NEW YORK, NY.- Friedman Benda presents its seventh annual guest-curated exhibition Split Personality. Curated by Alice Stori Liechtenstein, independent curator and founder of Schloss Hollenegg for Design, the exhibition explores how functional objects undergo a process of mutation to acquire symbolic value, and thus develop split personalities that oscillate between their different identities.
The works on display at Friedman Benda, ambiguously classifiable as chairs, tables, rugs, are meant as furniture of practical and comfortable nature. And yet, as the curator Alice Stori Liechtenstein puts it, the personality and implicit meaning of these pieces are so assertive that they appear to be at odds with the function. In the course of history, objects (and furniture in our specific case) were rarely valued and made purely for their function. They have always carried specific cultural, subjective or philosophical messages. Objects are used to characterize, communicate and develop our sense of self and construct our own identity. The idea that objects might have a split personality might help us to recognize the different identities they are capable of embodying, and acknowledge their power to be alternatively functional furniture or conveyors of meaning.

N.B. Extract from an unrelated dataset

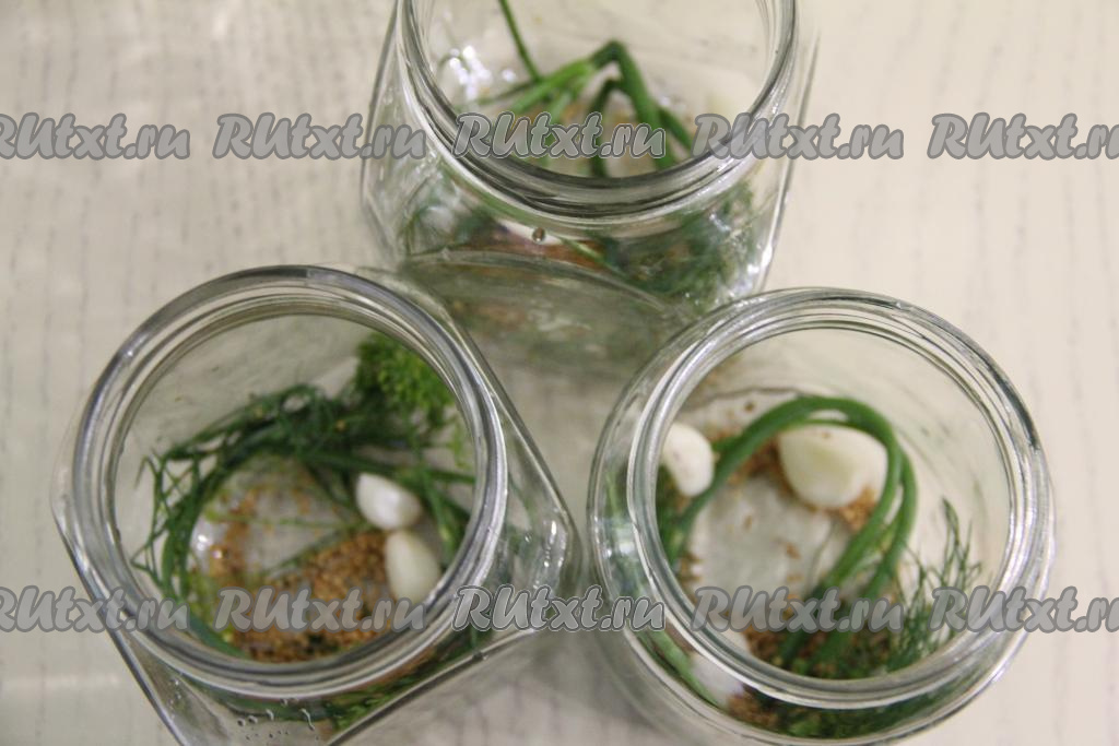 Всыпать в каждую баночку по 1 чайной ложке зёрен горчицы.

Artists and designers on view include: Arnaud Eubelen, Chris Schanck, Christien Meindertsma, Commonplace Studio, Emma Fague, Fernando Laposse, Ismael Rifai, Jonathan Trayte, Katie Stout, mischertraxler, Nobukho Nqaba, Rich Aybar, Soft Baroque, Brynjar Sigurdarson, Studio Wieki Somers, Thomas Ballouhey, and Toomas Toomepuu.
Alice Stori Liechtenstein (Milan, 1978) is an independent curator specialised in contemporary design. After studying architecture and design in Milan and Barcelona, she worked a number of years as exhibition designer. From 2014 to 2017 she wrote a daily design blog, during which time she started analysing the changes in the disciplines related to design. She is the founder of Schloss Hollenegg for Design, an international project based in Austria, to support design culture by offering an exhibition platform and a residency program to young emerging designers. She has curated Operae in Turin in 2017, Design after Darwin in Venice in 2018, Alcova Sassetti in Milan in 2019. She is a public speaker and lecturer for the Exhibition Design Master at the FH Joanneum in Graz.